Vaches favorites - Un rêve réalisé grâce à WHITNEY
Les descendants d’une génisse achetée aux enchères devraient améliorer le troupeau à l’avenir.
Jutta Berger, Collaboratrice scientifique
«Depuis longtemps, j’avais un œil sur la famille de vaches Morandale Unix RIVIÈRE», raconte Béat Piller de Pont-la-Ville FR, «car depuis des générations, les animaux issus de cette lignée ont régulièrement occupé la première place à EXPO Bulle». L’éleveur rêvait d’acquérir un jour une femelle de cette famille de vaches couronnée de succès de François Morand. «Lorsque j’ai vu qu’un veau de RIVIÈRE était proposé à la vente lors de la Swiss National Sale 2023, il a tout de suite été clair que j’allais investir!» Béat s’est réjoui de l’attribution de WHITNEY, alors âgée de 2 mois. «Elle me tient vraiment à cœur», souligne-t-il.
Un terrain inconnu: les transferts d’embryons
Avec la génisse de ses rêves, Béat souhaitait élever le niveau zootechnique de son propre troupeau et donc avoir le plus grand nombre possible de veaux femelles de WHITNEY. Bien qu’il soit un éleveur passionné, Béat n’avait jusqu’à présent aucune expérience avec les embryons. «J’ai donc appelé Thomas Mori de l’équipe de production d’embryons de Swissgenetics pour qu’il me conseille. Il m’a expliqué en détail les deux possibilités qui s’offraient pour WHITNEY: soit on la rinçait, soit on lui ponctionnait les ovaires et on faisait féconder les ovules en laboratoire. Thomas m’a dit que du point de vue de la procédure, il serait plus avantageux pour moi de transférer ma génisse à Anet et d’y faire une production in vitro. Comme je passe l’été à l’alpage avec tout mon troupeau à 1’650 mètres d’altitude, une collecte d’embryons conventionnelle aurait été compliquée, voire impossible. À Anet, WHITNEY est entre de bonnes mains pendant notre saison d’alpage.» La famille Piller exploite l’alpage de Vounetz au-dessus de Charmey FR.
Éviter les risques
L’estivage en montagne n’étant jamais sans risque pour les animaux, il était important pour Béat Piller de pouvoir stocker des embryons de sa précieuse génisse avant qu’elle ne monte pour la première fois à l’alpage. «Ainsi, la probabilité que j’aie effectivement un jour des descendants de WHITNEY est nettement plus élevée», dit-il, «je garantis que les accouplements qui seront faits avec elle donneront des vaches fortes avec des pis formidables et les meilleurs membres, et qui seront fonctionnelles à l’alpage. C’est ce dont nous avons besoin ici.»
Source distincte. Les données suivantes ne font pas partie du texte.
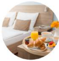
Hotel Discount: up to 60% off
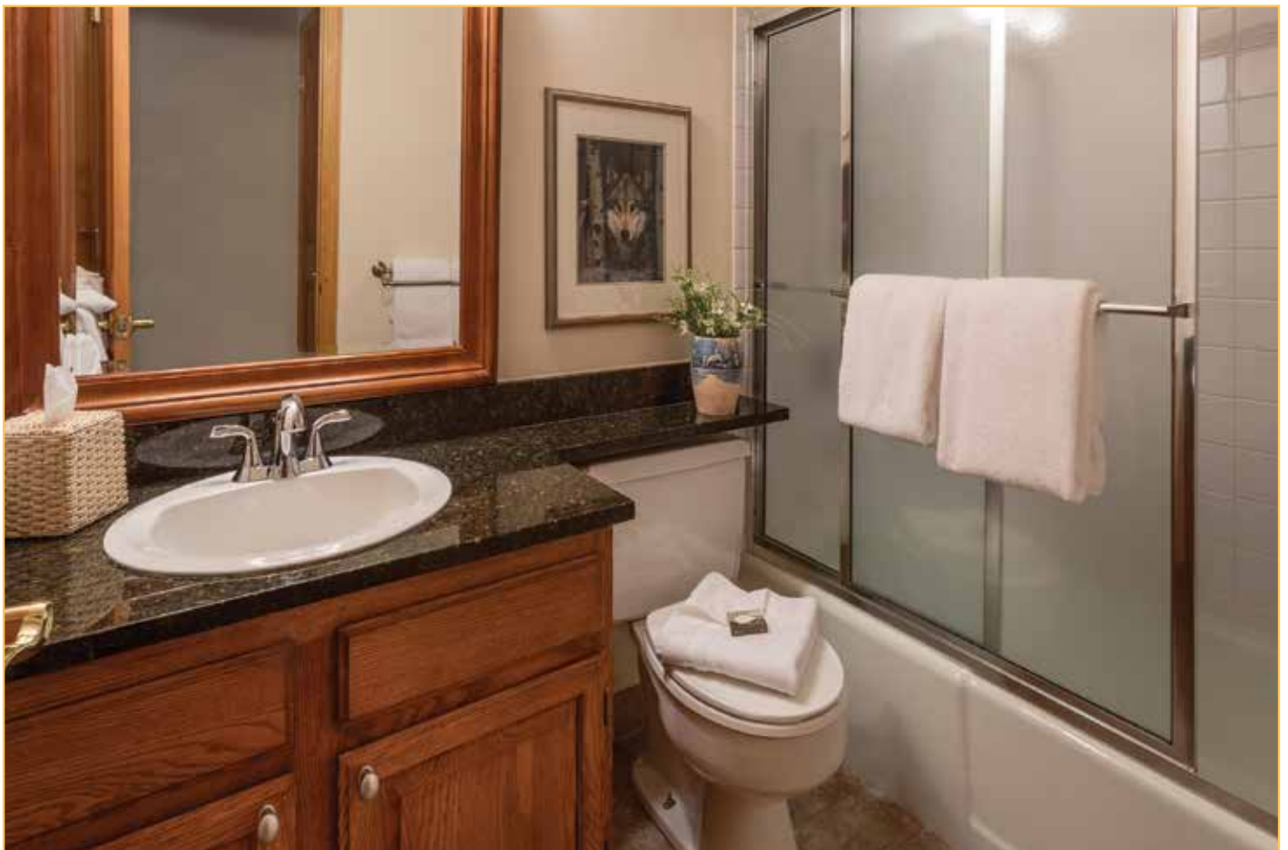
Full bath with granite countertop

Les embryons sont encore congelés
Le premier objectif de Béat Piller est atteint: 25 embryons femelles de WHITNEY ont déjà été congelés. Le deuxième objectif, qui consiste à avoir des gestations à partir de ces embryons, reste à atteindre. «Nous n’avons encore transféré aucun de mes embryons», explique l’éleveur, «nous attendons le mois de décembre pour que les receveuses soient à la crèche avec une ration hivernale stable et que les futurs vêlages soient compatibles avec la saison d’alpage.» Béat a également un plan concret pour l’été prochain: «J’ai envisagé de placer les génisses receveuses qui porteront alors, je l’espère, les embryons de WHITNEY dans un pâturage séparé, juste à côté du chalet d’alpage, afin de réduire au maximum le risque d’accident pour elles.»
Ne pas surcharger l’exploitation
Thomas Mori attire l’attention sur ces aspects importants du transfert d’embryons: «Obtenir des embryons est une chose; d’ici à ce qu’ils donnent effectivement naissance à des veaux, une gestation et un vêlage doivent encore suivre. Et pour que les animaux produisent ensuite du lait, il faut encore que l’élevage se passe le mieux possible.» C’est pourquoi il faut d’abord accorder une attention particulière aux receveuses, puis réfléchir à long terme: «Nous ne recommandons en aucun cas de transférer des embryons sur trop de receveuses à la fois. Au contraire, il faut planifier les transferts de telle sorte qu’en cas de succès, la main-d’œuvre de l’exploitation et la place dans l’aire de vêlage et dans l’étable des veaux soient suffisantes. Il est conseillé d’anticiper et de transférer les embryons avec un léger décalage dans le temps.» Thomas souligne que les veaux PIV ont tous besoin d’une bonne surveillance de la naissance et de colostrum – et surtout: «d’une excellente hygiène!» L’expérience de l’équipe de production d’embryons montre aujourd’hui que ces veaux sont effectivement plus délicats que les veaux issus d’une insémination.